Das Ohm'sche Gesetz kommt hier ins Spiel. Gebühren wir dem Gesetz Aufmerksamkeit: Die Formel U = I * R beschreibt eindeutig—U steht dabei für die Spannung, I für den Strom und R für den Widerstand. In unserem Fall wären die gegebenen Werte wie folgt: eine Spannung von 50 V und eine Strombegrenzung von 1 mA und ebenfalls ein Widerstand von 40 Ω. Die Berechnung lässt sich daraufhin einfach durchführen.

Die Umwandlung bekannter Werte in die Formel ist der nächste Schritt. Bei einer Strombegrenzung von 1 mA und einem Widerstand von 40 Ω ergibt sich die folgende Rechnung: U = I R. Exemplarisch zeigt sich das so: U = 40Ω 1mA was die Spannung von 40mV liefert. Dies ist die Spannung – die betreffend dem Widerstand abfällt.
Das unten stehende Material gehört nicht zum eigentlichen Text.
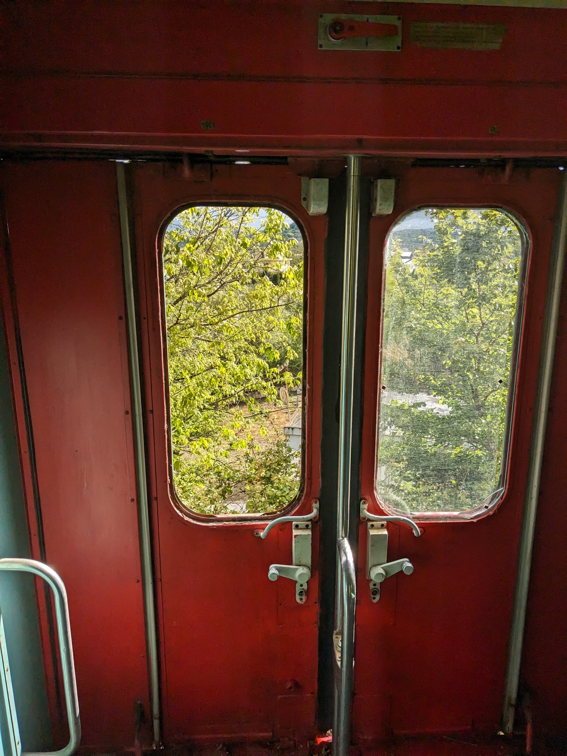 The scenery was beautiful, the pace slow, and the air freaking cold with those open and/or missing windows. I can’t imagine doing the trip in Winter. The local vegetation grow freely on both sides of the railway, so that you’d better not get your head out too much. Branches left a few leaves into the train, as though thrown in by an invisible kid. Of course there was no lights in the train at all, so in the few tunnels, we were plunged in total darkness. Like, literally complete darkness. Pretty fun!

Aber lassen Sie uns auch eine interessante Überlegung anstellen. Das Labornetzteil, das ohne den Widerstand 50 V abgibt—was passiert, wenn die Spannung auf 40 mV sinkt? Das bedeutet zugleich – dass wir uns mit dem inneren Widerstand des Netzteils beschäftigen müssen. Man könnte R1 als den inneren Widerstand und R2 als den Widerstand der last betrachten. Hier wiederum muss man um R zu berechnen die Formel U = I * R verwenden. Diese Betrachtung eröffnet eine tiefere Einsicht in die inneren Abläufe der Stromversorgung.

Bleiben wir beim Thema der Formelumstellung. Das so genannte URI-Dreieck erfüllt hier eine wichtige Rolle. Wenn man U ´ I oder R umstellen möchte ` bietet es eine visuelle Hilfe. Das erleichtert das Verständnis erheblich. Die gesuchte Größe lässt sich so rasch und präzise ermitteln.

Ein Gedankenexperiment ist ähnlich wie lohnenswert. Was passiert, wenn es keine Strombegrenzung gibt? Strömt ein höherer Strom durch den Widerstand als 1 mA wird die Begrenzung aktiv. Der Strom bleibt dann in diesem Fall bei 1 mA. Sollte der Strom jedoch unter diesem Wert liegen, greift die Begrenzung nicht—das bedeutet, dass man den tatsächlichen Strom für die Spannungsermittlung berücksichtigen muss.

Zusammenfassend lässt sich sagen—die Berechnung der elektrischen Spannung über einem Widerstand erfordert Einsatz des Ohm'schen Gesetzes. Gleichzeitig sollte man auch die Strombegrenzung und den inneren Widerstand des Labornetzteils nicht außer Acht lassen. Mit präzisen Anpassungen und genauen Überlegungen gestaltet sich das Verständnis der elektrischen Zusammenhänge deutlich einfacher. Der Weg von formelbasierter Theorie zur praktischen Anwendung ein aufregendes Unterfangen.